If you make something with this dataset, please share- perhaps we can form an international Asshole research collective, or at least keep each other appraised of findings. And of course, reach out if you encounter any difficulties or probable errors (you can file issues on the GitHub repo)!
Lastly, please stay tuned for more releases- there are hundreds of new posts every day. The biggest asshole may still be out there.
You may want to check out a few more efforts to get at r/AmItheAsshole from a data-scientific perspective, including topic modeling, visualizing voting patterns and growth of the subreddit, and classification with deep learning. With a dataset this rich, there’s much more to be investigated, including continuing to refine these existing methods. And there’s almost certainly room to push the state of the art in asshole detection!

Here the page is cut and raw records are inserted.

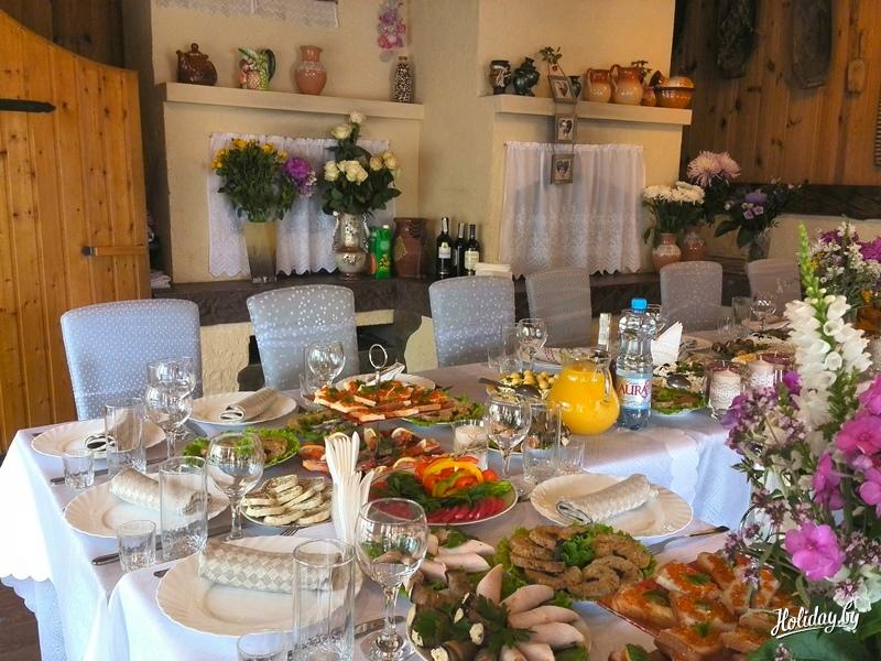 Есть парная на дровах и бассейном, а также просторный банкетный зал. На территории обустроена беседка с мангалом.
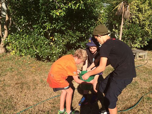 At Cooperative Games the first activity involved groups of three trying to hit cups filled with water using sports equipment and grass skis. The next activity was an obstacle course that involved taking a bucket of water around Wainui and the group with the most water at the finish line won. The final activity was a free-for-all water fight.
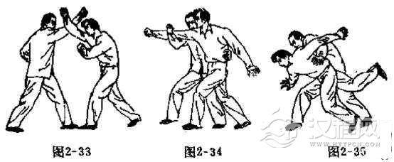 对方用右拳向我头部砸来时,我可用胯打法以迎击。当对方右拳将要接近我头部时,我用右小臂格挡对方右小臂,随之由左往右将对方右小臂下压,同时身形略向左闪,以右肘弯曲夹住对方右小臂,趁势进步欺身,用左手圈楼对方腰部,以左胯撞击对方小腹或大腿根部,左手由上往右与上身配合而动,身形向右后方旋转。其它动作要领与胯打法的练法相同(如图2-33, 2-34, 2-35)。

If you're interested in learning more about using Reddit data, check out pushshift.io, a database that contains basically all of Reddit's content (so why make this dataset? I wanted to remove some of the barriers to analyzing text from r/AmItheAsshole by providing an already-processed and cleaned version of the data that can be downloaded with a line of code; pushshift takes some work). You might use pushshift's API and/or praw to augment this dataset in some way- perhaps to compare activity in this subreddit with another, or broader patterns on Reddit.